Lorsque André lui eut raconté avec enthousiasme combien la propagande socialiste se développait à la fabrique, il redevint sombre et dit d’une voix rauque :

— C’est bien long, tout cela ! Il faut aller plus vite…

La mère lui jeta un coup d’œil ; un sentiment hostile s’agita dans son cœur.

— La vie n’est pas un cheval, on ne la fait pas avancer à coups de fouet ! répliqua André.

Mais le grêlé hochait la tête avec opiniâtreté :

— C’est trop long ! Je n’ai pas assez de patience… Que faut-il que je fasse ?

Il laissa tomber ses bras avec découragement, regarda le Petit-Russien et se tut, attendant une réponse.

— Nous devons tous apprendre et enseigner aux autres, voilà notre tâche ! dit André en baissant la tête.

Vessoftchikov demanda :

— Et quand nous battrons-nous ?

— On nous battra encore plus d’une fois auparavant, je le sais bien… Mais j’ignore quand le moment de lutter viendra pour nous ! Vois-tu, il faut d’abord armer la tête et après seulement les mains… à mon avis…

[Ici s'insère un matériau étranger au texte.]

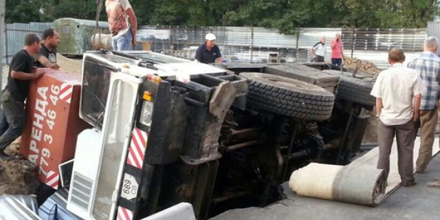 В Тирасполе перевернулся 25-тонный строительный автокран
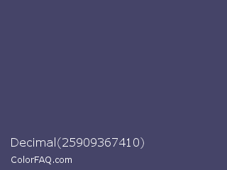 Decimal 25909367410 Color is a normal indigo color and the nearest color is Mulled Wine #4e4562. Hex code #454468 and RGB value is rgb(69,68,104). In RGB color space, this color is composed of 27% red, 27% green, 41% blue, In CMYK color space, this color is composed of 34% cyan, 35% magenta, 0% yellow , 59% black , In HSL color space, this color has a hue angle of 242° , 21% saturation and 34% lightness.

Le jeune homme garda le silence et se remit à manger. Sans qu’il s’en aperçût, la mère examinait son large visage grêlé, essayant d’y trouver quelque chose qui la réconciliât avec la personne massive et pesante du jeune homme. Et quand elle rencontrait le regard perçant de ses petits yeux, elle remuait les sourcils. André se prenait la tête entre les mains et, l’air agité, tantôt se mettait à parler et à rire, tantôt, s’interrompant brusquement, sifflotait un air.

Il semblait à la mère qu’elle comprenait la cause de l’inquiétude du jeune homme. Vessoftchikov était taciturne ; quand le Petit-Russien l’interrogeait sur n’importe quoi, il répondait brièvement, avec une répugnance visible.

Les deux habitants de la chaumière se sentaient à l’étroit et mal à leur aise dans la petite chambre et jetaient tour à tour un furtif coup d’œil à leur visiteur. Enfin, celui-ci se leva en disant :

— J’aimerais me coucher… J’ai été longtemps enfermé, on m’a lâché subitement, je suis parti… je suis fatigué…

Lorsqu’il fut dans la cuisine, il remua encore un peu ; le bruit cessa, puis un silence de mort se fit. La mère chuchota à André :

— Il a des pensées terribles !

— C’est un garçon pas commode ! acquiesça le Petit-Russien, en hochant la tête. Mais cela passera. Moi aussi, j’étais comme lui. Quand le cœur ne brûle pas avec ardeur, il s’y accumule beaucoup de suie… Allez vous coucher, petite mère, je veux lire encore un moment…

Elle alla dans un angle, où se trouvait un lit couvert d’indienne. Assis à la table, André entendit le chaud murmure de ses prières et de ses soupirs. Tout en tournant avec rapidité les pages de son livre, il s’essuyait le front fiévreusement, effilait sa moustache avec ses longs doigts, remuait les pieds… Le balancier de l’horloge résonnait ; aux fenêtres, le vent glissait sur les vitres en gémissant. Et la mère disait à voix basse :

— Ô Seigneur ! Que de gens il y a au monde… et chacun se plaint à sa manière… où sont ceux qui sont heureux ?

— Il y en a, il y en a ! Et bientôt, ils seront nombreux… ah ! si nombreux ! déclara le Petit-Russien.